**Work order**
Could you print exactly the lines of the listing below, starting at the line that has "Geniş üst tabla" and ending at the line that has "最近网上的一个投票分享给大家:章泽天和董明珠,你更羡慕谁?更想成为谁?", and only those lines?

*** Material supplied ***

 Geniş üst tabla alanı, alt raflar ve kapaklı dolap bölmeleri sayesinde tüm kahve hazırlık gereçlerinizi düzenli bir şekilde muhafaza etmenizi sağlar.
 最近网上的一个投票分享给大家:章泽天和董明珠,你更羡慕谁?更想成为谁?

*** End of Material supplied ***
*** Material supplied ***

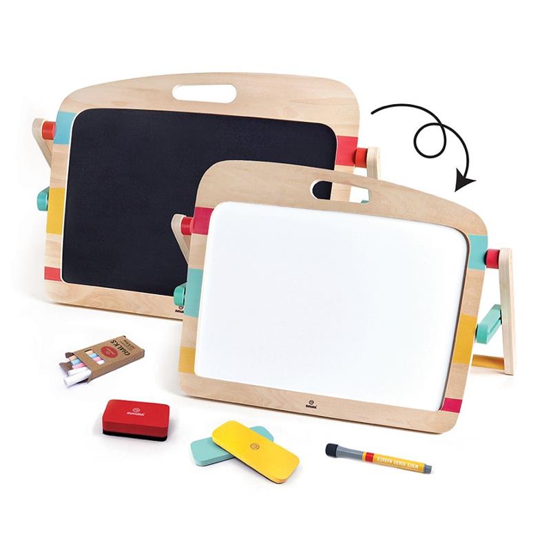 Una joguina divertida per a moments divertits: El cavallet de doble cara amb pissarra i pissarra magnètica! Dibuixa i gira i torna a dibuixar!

*** End of Material supplied ***
*** Material supplied ***

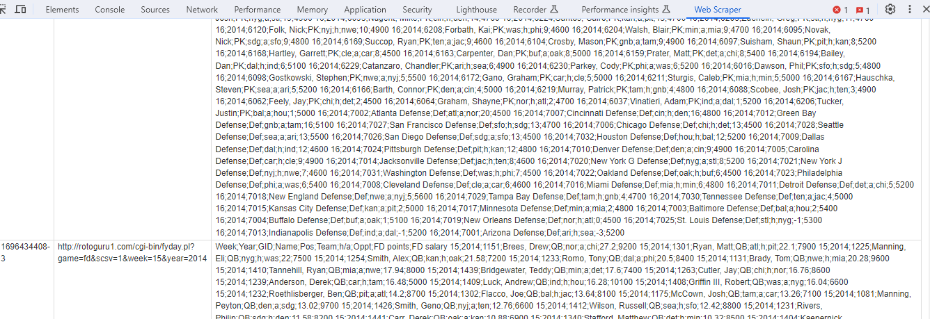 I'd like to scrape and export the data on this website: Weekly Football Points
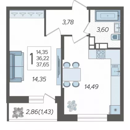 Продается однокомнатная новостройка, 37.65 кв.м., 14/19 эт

*** End of Material supplied ***

**Solution to the problem**
 Geniş üst tabla alanı, alt raflar ve kapaklı dolap bölmeleri sayesinde tüm kahve hazırlık gereçlerinizi düzenli bir şekilde muhafaza etmenizi sağlar.
 最近网上的一个投票分享给大家:章泽天和董明珠,你更羡慕谁?更想成为谁?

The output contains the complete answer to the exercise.